Kar yağıyor, biz evlerimizde kaçak sohbetler yapıyoruz.
Hani bedenimize elektrik verilmeseydi belki evlerimizde kaçak elektrik olmayacaktı. Olmayacaktı evimizin tavanında bir kaçak ve kafasından asılı. Kollarım geliyor aklıma Diyarbakır zindanında Filistin askısına gerili, ne hikmetse kaçak bir işkence dolaşıyordu o zaman havalarda. O havalarda Paşalar, Başbakanlar, Cumhurbaşkanları yaşıyordu ama duymuyordu kimse işkence kaçakçısının vicdansızlığını.
Hurma yemek de kaçak!
İsterseniz yemeyi deneyin kovarlar sizi bu cennet şehirden.
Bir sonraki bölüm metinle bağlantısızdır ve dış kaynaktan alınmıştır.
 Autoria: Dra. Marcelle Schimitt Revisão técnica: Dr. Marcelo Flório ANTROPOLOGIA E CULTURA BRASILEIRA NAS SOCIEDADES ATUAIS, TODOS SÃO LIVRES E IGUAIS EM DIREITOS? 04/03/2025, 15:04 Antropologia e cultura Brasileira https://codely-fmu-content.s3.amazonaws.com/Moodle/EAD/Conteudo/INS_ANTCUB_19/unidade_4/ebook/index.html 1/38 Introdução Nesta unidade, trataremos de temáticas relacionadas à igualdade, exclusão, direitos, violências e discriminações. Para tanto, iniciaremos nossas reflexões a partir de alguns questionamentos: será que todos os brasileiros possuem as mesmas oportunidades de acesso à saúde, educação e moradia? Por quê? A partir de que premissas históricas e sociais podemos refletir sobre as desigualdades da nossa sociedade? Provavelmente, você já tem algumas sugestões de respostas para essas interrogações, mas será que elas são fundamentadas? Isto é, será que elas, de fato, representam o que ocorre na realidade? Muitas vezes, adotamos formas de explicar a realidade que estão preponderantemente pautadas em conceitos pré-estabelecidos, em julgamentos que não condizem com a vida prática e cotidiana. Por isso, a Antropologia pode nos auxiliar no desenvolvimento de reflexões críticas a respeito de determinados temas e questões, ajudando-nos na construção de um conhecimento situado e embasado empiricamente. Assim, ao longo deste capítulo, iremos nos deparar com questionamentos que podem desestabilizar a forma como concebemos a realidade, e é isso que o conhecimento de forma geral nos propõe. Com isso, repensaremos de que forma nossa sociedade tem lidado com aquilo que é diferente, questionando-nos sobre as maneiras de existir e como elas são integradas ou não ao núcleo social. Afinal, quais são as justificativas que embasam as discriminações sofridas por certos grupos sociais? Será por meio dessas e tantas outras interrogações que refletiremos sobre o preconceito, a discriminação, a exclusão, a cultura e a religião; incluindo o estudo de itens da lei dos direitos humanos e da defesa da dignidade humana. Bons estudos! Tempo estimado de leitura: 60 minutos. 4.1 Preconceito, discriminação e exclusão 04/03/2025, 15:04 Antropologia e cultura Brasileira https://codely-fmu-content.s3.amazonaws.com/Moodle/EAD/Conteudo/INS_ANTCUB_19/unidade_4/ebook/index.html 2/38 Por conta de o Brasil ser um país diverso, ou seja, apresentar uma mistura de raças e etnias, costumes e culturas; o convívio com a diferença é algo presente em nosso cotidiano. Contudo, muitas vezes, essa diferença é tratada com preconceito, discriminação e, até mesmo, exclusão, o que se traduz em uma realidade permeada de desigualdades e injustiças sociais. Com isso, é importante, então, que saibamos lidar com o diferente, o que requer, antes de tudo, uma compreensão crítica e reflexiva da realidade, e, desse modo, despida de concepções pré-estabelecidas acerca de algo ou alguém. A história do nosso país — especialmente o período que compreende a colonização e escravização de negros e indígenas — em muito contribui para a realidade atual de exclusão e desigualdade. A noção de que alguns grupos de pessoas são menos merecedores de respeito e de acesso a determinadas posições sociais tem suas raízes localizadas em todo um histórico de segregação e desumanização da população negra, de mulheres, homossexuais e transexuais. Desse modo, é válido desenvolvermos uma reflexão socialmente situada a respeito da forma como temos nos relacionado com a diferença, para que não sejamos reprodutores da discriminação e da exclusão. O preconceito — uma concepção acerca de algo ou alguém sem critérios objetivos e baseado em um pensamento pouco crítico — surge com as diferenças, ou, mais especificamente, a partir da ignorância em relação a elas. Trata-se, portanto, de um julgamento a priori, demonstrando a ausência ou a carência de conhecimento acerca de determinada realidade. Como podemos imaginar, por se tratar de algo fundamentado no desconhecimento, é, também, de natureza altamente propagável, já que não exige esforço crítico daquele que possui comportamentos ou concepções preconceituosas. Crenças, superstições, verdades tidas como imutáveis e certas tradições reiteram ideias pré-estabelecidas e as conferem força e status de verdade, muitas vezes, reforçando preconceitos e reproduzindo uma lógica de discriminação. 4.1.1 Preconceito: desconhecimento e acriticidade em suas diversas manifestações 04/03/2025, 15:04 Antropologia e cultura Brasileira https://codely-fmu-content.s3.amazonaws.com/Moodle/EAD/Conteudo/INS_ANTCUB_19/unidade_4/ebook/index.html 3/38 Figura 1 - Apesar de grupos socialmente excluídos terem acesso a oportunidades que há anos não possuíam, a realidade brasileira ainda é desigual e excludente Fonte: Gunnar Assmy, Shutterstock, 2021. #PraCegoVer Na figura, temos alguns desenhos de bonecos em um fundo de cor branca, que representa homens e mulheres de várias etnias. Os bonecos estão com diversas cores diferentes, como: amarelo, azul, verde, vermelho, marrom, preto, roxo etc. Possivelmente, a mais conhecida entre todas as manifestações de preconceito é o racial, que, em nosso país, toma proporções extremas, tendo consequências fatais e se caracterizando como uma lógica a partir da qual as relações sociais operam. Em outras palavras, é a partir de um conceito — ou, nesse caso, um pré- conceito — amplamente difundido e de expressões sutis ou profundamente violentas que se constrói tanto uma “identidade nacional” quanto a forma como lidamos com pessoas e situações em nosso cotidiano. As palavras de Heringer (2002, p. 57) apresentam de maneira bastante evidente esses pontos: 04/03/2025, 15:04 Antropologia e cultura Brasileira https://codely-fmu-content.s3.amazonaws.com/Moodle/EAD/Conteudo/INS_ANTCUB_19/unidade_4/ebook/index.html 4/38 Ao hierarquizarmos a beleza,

Hâşâ! Siz Adem Baba değilsiniz ama kovulmak suretiyle benzersiniz oysa yediğiniz hurmadır, yani Allahın Resulü iftar sofrasında onunla açmış orucunu.
Pirinç komünist illerinden biliyorsunuz, ya yerken kominizim bulaşırsa bir yerinize? Demedi demeyin kaçağın en büyüğü kafanıza bulaşacak komünizmdedir ha…
Sri Lanka nere? Çay nere? Yüksekova nere?
Kaçak çayın öyküsü üstündeki buhar gibi salındı buram buram coğrafyaya… Derler ki katır sırtında gelen kaçak çayın tadı gemilerin ambarlarında gelenlerden daha iyidir… İçtim desem yalan olur yalan söylemek bu memlekette katiyen yasak.
Biz içersek ses olur, biz ince belli bardakların dudaklarını öpersek ses olur, biz şehrimizin tabelasını öpersek ses olur… Sesimiz ana dilimize kaçak.
Kaçakçıyız kardaş! Kaçakçıyız!
Çarşı-Pazar kaçak… Dağ-Bayır kaçak…
Ama Ömer’in tabelasını öptüğü gibi kutsalca seviyoruz Yüksekova’yı.
Kar kapatırken yolları aşmak aşk değil elbette. Ama kar kapıya dayananda altı ay aç kalanlara ekmek getirmek mecburi bir kaçakçılık halidir. Aşk yetmez tek başına. Erkelerin ağlaması böyle zamanlarda kaçaktır. Kimse duymasın diye.
Çaresizlik kaçaktır burada.
Çare aramak kaçakçı…
Ama biz çare yok öperiz kentimizin şahdamarını…
Kar yağarken, içimizi bir titreme tutarken, ölmüşken, tabuttayken, kabirdeyken.
Ama en çok içimizi tutulması, ulaşılması zor o sevda sararken.
Yaşamak yangınları söndürmektir çünkü.